Sur dix ans, le dirigeant verse 106 320 € bruts. En retenant une performance annuelle nette de frais de 3,5 %, hypothèse prudente cohérente avec le rendement 2024 des supports euros à 2,53 % complété d'une poche d'unités de compte, le capital atteint environ 128 500 € au terme. L'économie d'impôt cumulée sur la décennie avoisine 43 590 €, à supposer la tranche marginale stable. L'effort net réel du dirigeant, déduction faite de l'avantage fiscal, ressort donc autour de 62 700 € pour un capital constitué de 128 500 €. Ce chiffrage sur dix ans, que les pages concurrentes évitent, donne une mesure tangible de ce qu'un PER obligatoire dirigeant produit réellement, avantage fiscal inclus.

Le calcul doit intégrer la fiscalité de sortie pour rester honnête. À la liquidation en rente viagère, la rente sera imposée au barème après abattement de 10 %. Si le dirigeant part avec une tranche marginale plus basse à la retraite, par exemple 30 % au lieu de 41 %, l'écart de taux entre l'entrée et la sortie constitue le gain fiscal net du dispositif. C'est précisément ce différentiel, et non la seule déduction d'entrée, qui mesure l'intérêt du PER obligatoire dirigeant. Un dirigeant qui resterait à 41 % à la retraite verrait l'avantage se réduire à la capitalisation et au régime successoral.

Ce cas éclaire une règle simple : le PER obligatoire performe quand la tranche d'imposition baisse entre la vie active et la retraite, et quand les frais restent contenus.
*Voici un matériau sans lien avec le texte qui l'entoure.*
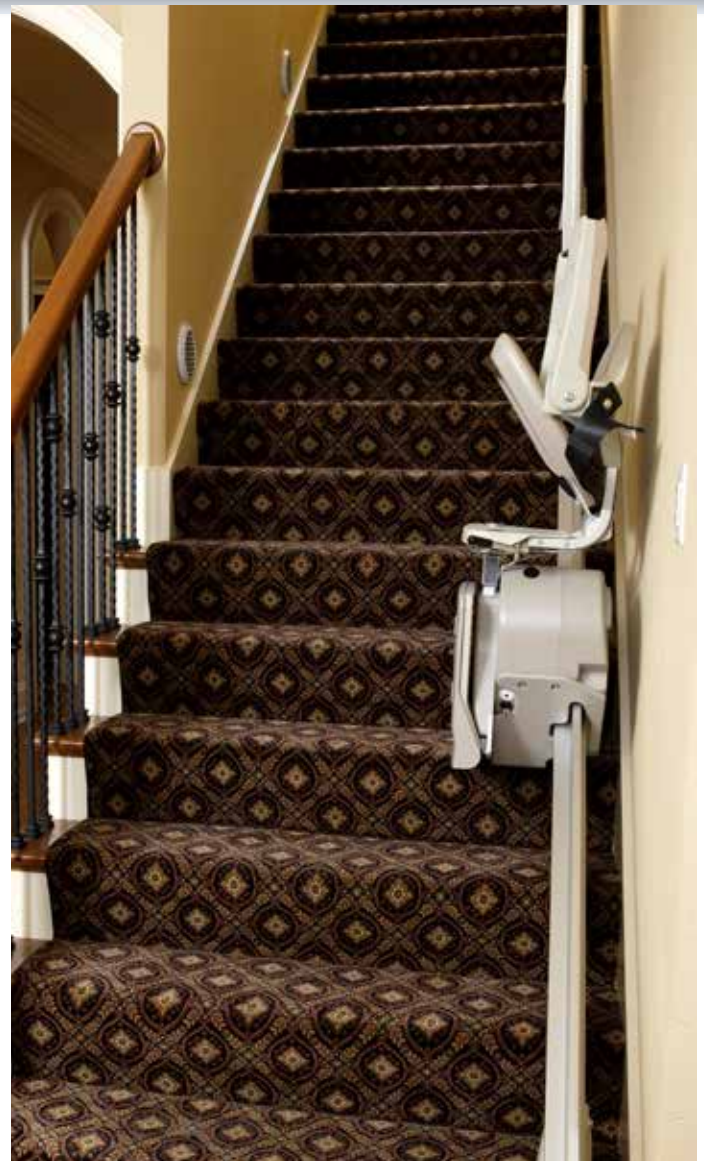
Compact, flip-up design for plenty of open space on stairway.

“Staff was very professional and helpful. The chair is wonderful and I will recommend the product and company.”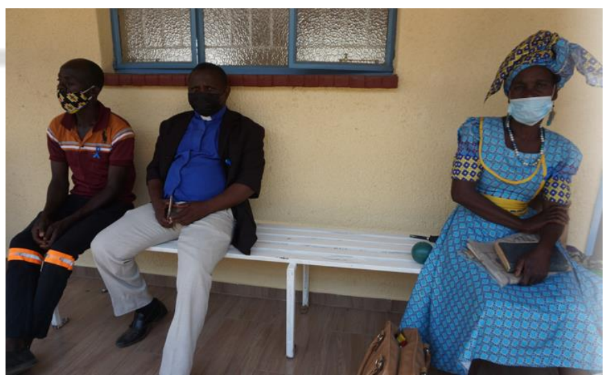
The clergy and the community members

"Development cannot take place where there is disunity. There would be pulling down of each other," adding that for this district they speak the same language hence there is need to thank them all.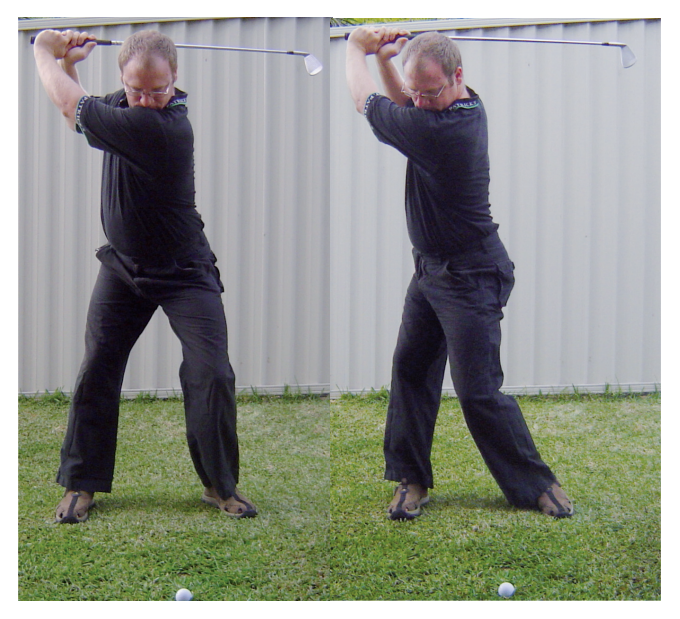
Fig. 5. The modern top of backswing (left) compared with the classic top of backswing (right).

The lateral aspect of the left foot lifts off the ground and more weight is borne on the right foot, depending on how much right lateral weight shift the upper body performs. Scientific literature suggests 60-80% of the weight is borne on the right side,<sup>2,43</sup> while literature from golf professionals suggests the upper limits of this figure.<sup>1</sup> The right side of the pelvis acts to stabilise the swing at this point. The main difference in the backswing of the classic swing is that there is a large pelvic turn (also known as hip turn) to accompany the upper body turn (Fig. 5). As a result of the increased hip turn, the separation angle between shoulder and pelvic rotation is less, resulting in less torque being placed on the lower back in the classic swing. More right lateral weight shift is seen in the classic swing compared with the modern swing.

Pour une méthode de calcul appliquée à votre situation de mandataire, notre analyse du PER obligatoire pour le cadre dirigeant détaille les paramètres à réunir.

Frais réels reconstitués : ce que les frais affichés cachent

Les frais affichés mentent par omission. Un dirigeant qui compare deux PER obligatoires sur le seul taux de gestion passe à côté de l'essentiel, car cinq couches de frais se superposent. Reconstituer le coût complet est le seul moyen de juger un contrat.

Type de frais Fourchette de marché 2025 Impact
Frais sur versement 0 % à 2,46 % en moyenne Ponction immédiate sur chaque cotisation
Frais de gestion fonds euros 0,60 % à 1,00 % par an Réduisent le rendement garanti
Frais de gestion unités de compte 0,50 % à 1,00 % par an S'ajoutent aux frais du support
Frais d'arbitrage 0 % à 1 % par opération Pénalisent les réallocations
Frais de gestion pilotée 0,10 % à 0,30 % par an Couche supplémentaire si mandat

La moyenne des frais de versement constatée sur 80 PER en 2025 atteint 2,46 %, un niveau que les meilleurs contrats ramènent à zéro. L'effet de long terme est massif : un écart de frais de seulement 0,3 % par an réduit le capital final d'environ 12 % sur vingt ans. Sur le cas précédent, cela représente plusieurs milliers d'euros évaporés sans aucune contrepartie de performance.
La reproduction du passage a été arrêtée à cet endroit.